Не то чтобы очень страшно, но все-таки…
Спала она хорошо и замечательно выспалась. Мама разбудила ее в четыре и подала чашку крепкого индийского чая с двумя маленькими печеньицами.
— Я сама уложу твои вещи, — твердо заявила она. Кстати, в пятницу вечером, пока Мег доедала ужин, именно мама распаковала ее дорожные сумки и разложила вещи. — Ты, по-моему, физически не способна нормально все уложить. Я тебе поражаюсь. Вся одежда помялась, как будто по ней специально ногами ходили. И вообще это же ужас: мягкие сумки, — беззлобно ворчала мама. Поворчать она любила. — Вот что. Я дам тебе чемодан, который мне оставила тетя Фил. Он очень маленький и удобный.
Мег лежала в своей старой кровати. В своей старой детской. Под уютным и теплым пуховым одеялом. Ей не хотелось вставать. Не хотелось даже шевелиться.

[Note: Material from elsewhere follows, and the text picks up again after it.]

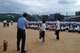 校長先生からは「グランドに出るまでは早かったが、その後の行動を見るとまだ改善の余地がある。」また、消防署の方からは「避難は予想以上に早くできた。火災が発生したらまず先生に伝え、その指示に従って行動してほしい。また、皆さんの家庭や地域における役割を考えると、高齢者の避難にも配慮することが期待される。」という講評をいただきました。
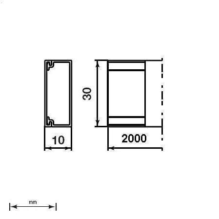 Moulure sans cloison blanc RAL9010 10x30 U23X. Pour la distribution des fils ou câbles d'énergie et de télécommunications et l’adaptation d’appareillages.

— Ты пей чай, пока не остыл. — Маме было все равно, по какому поводу ворчать. Когда она исчерпала тему укладки вещей в дорогу, она тут же переключилась на тему, как надо пить чай. — Да, твой папа всегда пьет чай еле теплым. Но ты, слава Богу, совсем на него не похожа. При всем моем к нему уважении, — примирительно заключила мама. Но Мег поняла, что мама ужасно без нее скучает и что ей уже надоело вечное нытье отца, которое с годами становилось все более нудным.
— А давай я приеду на следующие выходные? — спросила Мег.
Мама бросилась к ней через всю комнату и крепко обняла.
— Я бы ужасно расстроилась, если бы ты не приехала. — Она очень старалась, чтобы это прозвучало как шутка.
Когда Мег отъехала уже достаточно далеко от дома, она снова — с тревогой и беспокойством — задумалась о том, что же все-таки произошло по пути сюда. Может быть, это был ветер. Ведь окно было открыто… Мег слегка приободрилась. Не то чтобы ее успокоила мысль о ветре. Ее успокоило то, что после всего, что случилось, она вообще способна хоть как-то мыслить. Зарядил дождь, но быстро прошел. Потом полил снова и снова прошел. На обратном пути никаких приключений не было. Мег спокойно доехала до дому, поставила машину у подъезда и поднялась к себе в квартиру. Она уже начала думать, что вообще ничего не было. Что этот ужасный звук померещился ей со сна. Дома никого не было — Саманта и Вэл куда-то ушли. Мег сварила себе яйцо, потом посмотрела по телевизору короткий документальный фильм про остров Мартинику и легла спать.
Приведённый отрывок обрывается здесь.